“England is fruitful in corn; but yet more so in men, and in arts which she chooses to make barren of food. England has corn on her hills, corn in her valleys, corn waving over her plains; yet this corn is not enough, or not always enough, for the multitudes who gather together in her villages, and throng her cities, and multiply about her workhouses. If this corn is not enough, England’s duty is,—not to starve hundreds, or half-starve thousands of her children, but to bring out corn from all the apparatus of her arts. She should bring out corn from her looms, corn from her forges, corn from her mines; and when more than all this is wanted, let her multiply her looms and her forges, and sink new mines from which other millions may derive their bread.”

“You dig bread from this hard rock, I suppose, when you furnish grindstones on which the cutlery is to be prepared which may be exchanged with the Russian and the American for corn.”

“I do: and to limit this exchange is not only to limit the comforts of us workmen, but to forbid that there shall be more lives in our borders than the fruits of our own soil can support. There is room for myriads more of us, and for a boundless improvement of our resources; these resources are forbidden to improve, and these myriads to exist. Whence rulers derive their commission thus to limit that to which God has placed no perceivable bound, let them declare.”

“Then there are not too many of us, if all were wise.”

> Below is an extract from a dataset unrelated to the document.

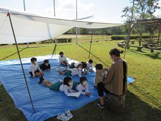 夏のときほど気温は高くないのですが、日差しは強いです。ぽかぽか陽気の中、テントの中は日差しが弱まり、とても快適で、気持ちよく読み聞かせを聞くことができていました。

“By no means. If all were permitted to be as happy as God bids them be, there would be neither the recklessness of those who multiply without thought, nor the forced patience of those who have a conscience and listen to it. If all were wise, they would proportion their numbers to their food; but then that food would not be stinted by arbitrary laws which issue in evil to all. Our rulers turn away, if perchance they see in the streets infants that pine for a while, only to die; and pronounce that such children should never have been born. And it may be true; but it is not for our rulers to pronounce, except with shame; for it is only while waiting for their becoming just that it behoves the people to be as self-denying as they require.”

“Strangers that pass this way for their pleasure,” observed Mary, “wonder at the hardness of our shepherds in turning their tender lambs exposed upon the moors, where, if some thrive, many pine. Do not they themselves (as many of them as have to do with making laws) turn out the young of our cities into stony fields, where they pine like starving lambs? There is small use in pitying—small kindness in saying that such should never have been born, if there are indeed fields where for stones they may gather bread.”

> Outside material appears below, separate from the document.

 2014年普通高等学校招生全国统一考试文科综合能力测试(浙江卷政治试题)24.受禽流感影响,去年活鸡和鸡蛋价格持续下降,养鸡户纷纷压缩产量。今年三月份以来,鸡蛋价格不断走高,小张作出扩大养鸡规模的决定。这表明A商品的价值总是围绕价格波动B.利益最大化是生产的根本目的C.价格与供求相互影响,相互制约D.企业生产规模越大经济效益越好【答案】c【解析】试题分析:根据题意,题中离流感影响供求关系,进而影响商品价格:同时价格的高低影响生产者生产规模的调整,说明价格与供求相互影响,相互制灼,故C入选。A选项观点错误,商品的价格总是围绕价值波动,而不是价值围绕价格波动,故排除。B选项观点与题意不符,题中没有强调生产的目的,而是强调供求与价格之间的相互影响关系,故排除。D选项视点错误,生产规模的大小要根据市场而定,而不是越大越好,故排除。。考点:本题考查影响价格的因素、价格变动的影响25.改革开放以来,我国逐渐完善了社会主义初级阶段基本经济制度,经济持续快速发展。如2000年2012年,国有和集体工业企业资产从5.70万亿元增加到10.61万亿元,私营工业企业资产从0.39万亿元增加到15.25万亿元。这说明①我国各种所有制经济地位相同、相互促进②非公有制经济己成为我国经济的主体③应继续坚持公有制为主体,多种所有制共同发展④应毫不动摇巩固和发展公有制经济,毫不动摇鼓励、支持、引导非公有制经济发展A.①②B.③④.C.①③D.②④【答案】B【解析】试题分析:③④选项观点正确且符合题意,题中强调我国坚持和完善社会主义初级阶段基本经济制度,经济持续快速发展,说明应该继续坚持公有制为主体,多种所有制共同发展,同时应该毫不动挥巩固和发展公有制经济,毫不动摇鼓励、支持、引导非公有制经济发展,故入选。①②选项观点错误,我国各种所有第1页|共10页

“When I see money buried in the furrows of such fields,” replied Chatham, “I feel that it is taken twice from those whose due it is;—from the mechanic who, instead of standing idle, would fain be producing corn on his anvil; and from the spiritless boor abroad, who would as willingly exchange his superfluity to supply his need. When I see the harrow pass over such fields, I see it harrow human souls; and voices cry out from the ground, however little the whistling husbandman may heed them.”

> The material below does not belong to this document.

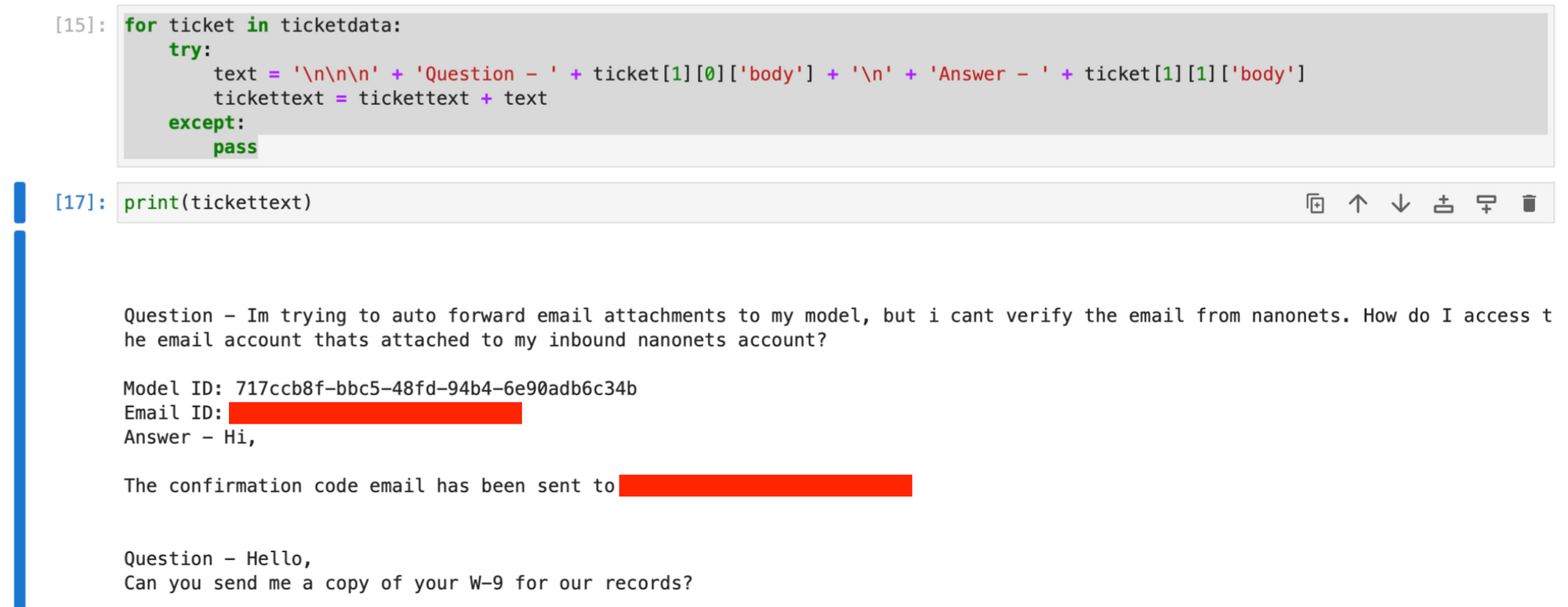 We then move on to create a text based string having the queries and first responses from all retrieved tickets, using the ticketdata array.

“The husbandman will not long whistle, if all must at length scramble for food. His turn to see his infants pine must come at last.”

“At last! It comes early, for there are more to follow. There is the farmer to swear that it is hard upon him that his labourers must live, as it is upon his substance that they must live. Then comes he for whom the farmer labours in his turn. He complains that, let the sunshine be as bright, the dews as balmy as they may, he can reap scarcely half the harvest of his gains, and that he is pressed upon by the crowds who come to him for bread.”

“He can hardly wonder at this, when it is he himself who forbids their going elsewhere. To what third party would he commend them?”